The servomotor unit 138 is rigidly secured to the stationary half 142 of the linear bearing table 142 and 144. The servomotor 138 provides the rotational drive for a small drive-worm gear 150 which intermeshes with a larger worm gear wheel 152. The gear wheel 152 is mounted on a common axis (not shown) with the drive pinion 154, and the drive pinion 154 intermeshes with the rack gear 156. Therefore, the rotation of the driveworm 150 drives the pinion 154 which is intermeshed with the rack gear 156 to drive the entire optics chamber 17 vertically downward at a rate equal to the rate of recession of the melt 12 within the crucible 14.
A manually rotatable wheel 146 is mounted on the same shaft with the gear wheels 152 and 154 and may be used to manually raise and lower the optics chamber 17. The larger wheel 146 may be rotated to directly drive the rack 156 vertically upward or downward, and during this manual operation, a clutch (not shown) allows the gear wheel 152 to slide and be overriden as it is held stationary by its engagement with driveworm 150.
Referring now to FIG. 4, there is shown the complete electroptical feedback control system embodying the present invention. The crystal puller portion 9 and optics chamber 17 have been previously described above,
and the optics chamber 17 houses the light source 80, the light chopper 86, 88, the slit 84, the lenses 82 and associated with the latter optical elements, the receiving lens and the photodetector 21 atwhich the low level A, B, C and D signal voltages are generated.
The desired signals are generated at the photodetector 21 as low-level square-wave voltage pulses corresponding in frequency and phase to the chopping of the illuminating beam. The photodetector 21 receives much larger amounts of light emitted from the hot melt itself and reflected from the incandescent crucible, susceptor, and other parts of the crystal pulling chamber, and the amount of light reaching the photodetector 21 from these other sources may undergo long-term drifts due to changing conditions through the run, as well as short-term fluctuations at various frequencies due to vibrations and rippling of the melt. Furthermore, the electronic circuit components may tend to pick up various voltage signals at still other frequencies from stray R.F. or electromagnetic interferences. Therefore, in accordance with the present invention it is very desirable that the early stages of signal processing discriminate heavily in favor of the desired reflected-light signal and against all other signals. In a preferred embodiment of the invention, this discrimination is done partly by optical filters 31a and b as previously described, and further by using AC coupling tuned precisely to the chopping frequency. Further discrimination is also obtained via phase-sensitive amplification which is locked in phase with the desired chopped light beam.
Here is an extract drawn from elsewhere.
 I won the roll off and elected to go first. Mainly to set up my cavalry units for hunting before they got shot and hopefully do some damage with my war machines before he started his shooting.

The raw signals from the four photodetector elements 108, 110, 112 and 114 are processed and demodulated at the system electronics 28 to provide D.C. voltage signals A, B, C and D with respective magnitudes representative of only the amplitudes of the desired chopped-beam light signals, isolated from all other effects which influence the individual photodiode elements 108, 110, 112 and 114 respectively. It is not critical that all of the above modes of discrimination be used, but they combine to provide optimum sensitivity, accuracy, reliability, and stability of the diameter sensing function.
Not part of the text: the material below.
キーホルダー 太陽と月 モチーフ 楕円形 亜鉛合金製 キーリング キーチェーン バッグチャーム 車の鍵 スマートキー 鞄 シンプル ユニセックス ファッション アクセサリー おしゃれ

The A, B, C and D output voltages of the discriminator network 28 are fed directly into the differential amplifier network 29 which may include, for example, a plurality of integrated circuit differential operational amplifiers having differential outputs A-B and C-D as shown. The latter differential outputs are connected respectively to the control loops 30 and 32 as indicated. The C and D discriminated signals at the outputs of network 28 are also fed to a summing amplifier 33 for providing a C+D normalizing signal in the control loop 34.
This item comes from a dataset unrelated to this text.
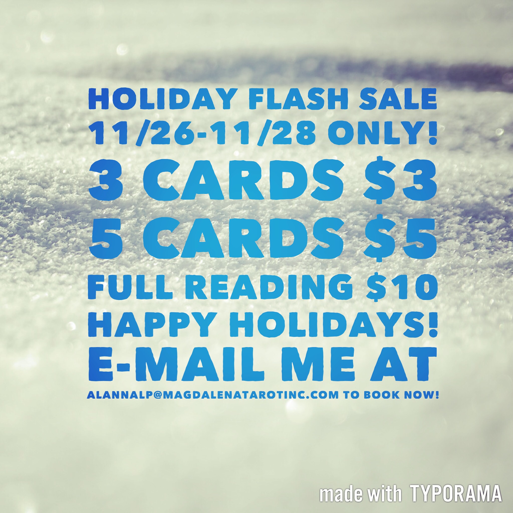 Flash Sale! Get a super secret deal on a Tarot Reading from now through Cyber Monday! Do you need to patch something up with someone before the holidays but don’t know how? Are you looking for guidance improving your abundance in the next year? If you’ve wanted to get a reading from me but have been hesitant because of the price, now’s your chance to cash in on my gift to you.

The A-B error difference signal on line 30 is processed in a first or melt tracking feedback control or servo loop which comprises a melt tracking comparator 36 and a D.C. servomotor 40 connected as shown between one output of differential amplifiers 29 and the mechanical support means (see FIG. 3) for the optics chamber 17. The A-B error signal on line 30 is compared in the comparator 36 with a set point reference voltage and as a result of such a comparison an output signal on line 38 is generated and is sued to drive and control the speed and direction of the D.C. servomotor 40. The servomotor 40 operates to continuously move the optics chamber 17 including the photodetector 21 vertically downward toward the melt surface at a rate substantially equal to the rate of recession of the melt 12 in the quartz crucible 14. In this manner, there is no net change in the length of the optical paths l8 and 18 in the electroptical system disclosed, and the recession of the melt 12 during a crystal pulling operation does not therefore introduce errors into the other crystal diameter control signals to be described.
A second feedback control or servo loop means for processing the C-D crystal diameter differential control signal on line 32 includes a first pull rate control or servo loop portion 44 and a melt temperature control loop portion 45 interconnected as shown between the other outputs of amplifiers 29 and the crystal puller apparatus 9. The C-D error difference signal on line 44 is applied to the input of a pull-rate comparator 46 where it is compared to a set point reference voltage to thereby generate a comparator output signal on line 48 which provides control servo of the speed of the crystal pullers vertical pull-rate motor 50. The motor 50 is mechanically linked in a conventional manner (not shown) to the vertical pull-shaft S4 suspending the semiconductor crystal l0, and therefore, such mechanical linkage 52 is not shown or described in detail.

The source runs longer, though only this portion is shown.